1918 short story by Luigi Pirandello

"War" (Quando si comprende) is a short story by Italian playwright and dramatist Luigi Pirandello first published in the short story collection Un Cavallo nella Luna in 1918. The story follows a discussion between parents of soldiers in the First World War about how they deal with grief. The story covers topics of patriotism, grief, and the destructive nature of war. It is regarded by some as one of the greatest short stories of the interwar period, along with Jean-Paul Sartre's The Wall. The English translation of the story has since become a frequently taught piece of literature in the United States, Canada, and Germany.
== Plot ==
The plot starts with a mother and father stepping onto a train to leave Rome to visit their only son, who had previously left for deployment in the First World War.
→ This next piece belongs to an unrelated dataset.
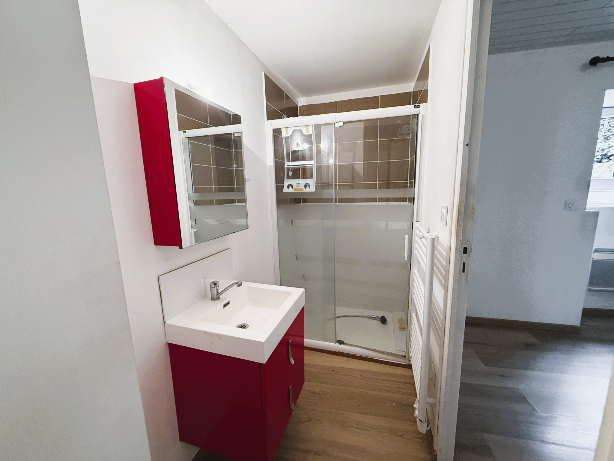 Il se compose d'un séjour / cuisine aménagée (plaque cuisson électrique, hotte, frigo congélateur, arrivée évacuation eau pour machine à laver), une chambre avec placard aménagé, une salle d'eau avec douche, meuble 1 vasque et wc.

The wife is inconsolable in grief and begins to weep, upon this the other passengers ask the husband what is wrong, to which he tells them that their only son had just been deployed. Many of the passengers relate to this, and a woman tells them that her son, who had deployed at the start of war, came home injured two times only to be sent back. Another woman tells them that both of her sons are fighting. They then debate on whether having your only son sent to war is better or worse than having two of you sons sent off. With the husband saying that if one of your sons dies, you still have the other one. But another passenger argues that having a remaining son means that the father would have to continue living through his grief and suffering. They are then interrupted by another passenger, described by Pirandello as fat and red-faced, who calls the conversation "nonsense", saying that their children belong to their country and do not exist for their own sake. He explains that his son has already died in the war, but that his son had sent a message to him saying that in his last moments he was satisfied to have died defending his country, and because of this he does not mourn his death. These silences the other passengers, who seem to be moved by his speech and all agree with his sentiment. The grieving mother too is moved by this and starts to think of how selfish her grieving is. But soon after, she comes to be disillusioned with his argument and asks him a seemingly silly question: "Then, is your son really dead?". The story ends with the fat man through those words coming to the realization that his son was really dead, as he begins to weep uncontrollably to the shock of the other passengers.